Privacy

Privacy Policy

Last updated: May 16, 2026

Coast When is designed to keep planning data in your browser by default. This page explains what data the product uses, what may be shared when you create a link, and what to review before publishing a production policy.

What Coast When stores

Planner data you enter, import, or generate is stored locally in your browser on the device you are using. That can include account names, balances, dates, cash flow entries, retirement settings, and related planning inputs.

Coast When also stores small preference data locally, such as chart display settings and other workspace state needed to reopen your plan.

What happens when you share a plan

Shared plans are encoded into the URL you generate. Anyone with that full link can open the shared view, so treat it like a private document link.

Privacy controls in the share flow can obfuscate names, round values, and reduce date precision, but they do not make a shared link anonymous or risk free.

Information sent to third parties

The app loads web fonts from Google. Your browser may connect to Google services to retrieve those font files.

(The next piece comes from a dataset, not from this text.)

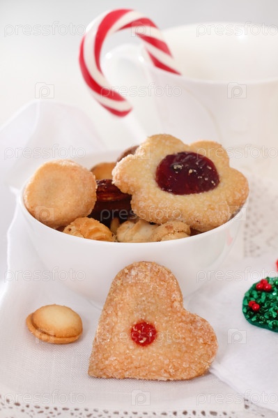 Рождественское печенье с вареньем на белом фоне

If you open, copy, or send a shared link through another service or app, that service may receive the link and any information it contains.

Google Analytics

Coast When uses Google Analytics to understand overall product usage, such as page views, session activity, device type, and general traffic patterns.

Google Analytics may use cookies or similar technologies and may collect information such as your IP address, browser details, and interactions with the site. That information is processed by Google under its own terms and privacy practices. See the Google Privacy Policy and Google's Analytics Privacy Disclosures Policy.

Data retention and control

Because planning data is stored in your browser, you can remove it by clearing Coast When local data from the app settings or by clearing your browser storage for the site.

Shared links remain accessible until the link is no longer used or disclosed. If you have shared a link, the practical way to revoke access is to stop using that link and generate a new one with different data.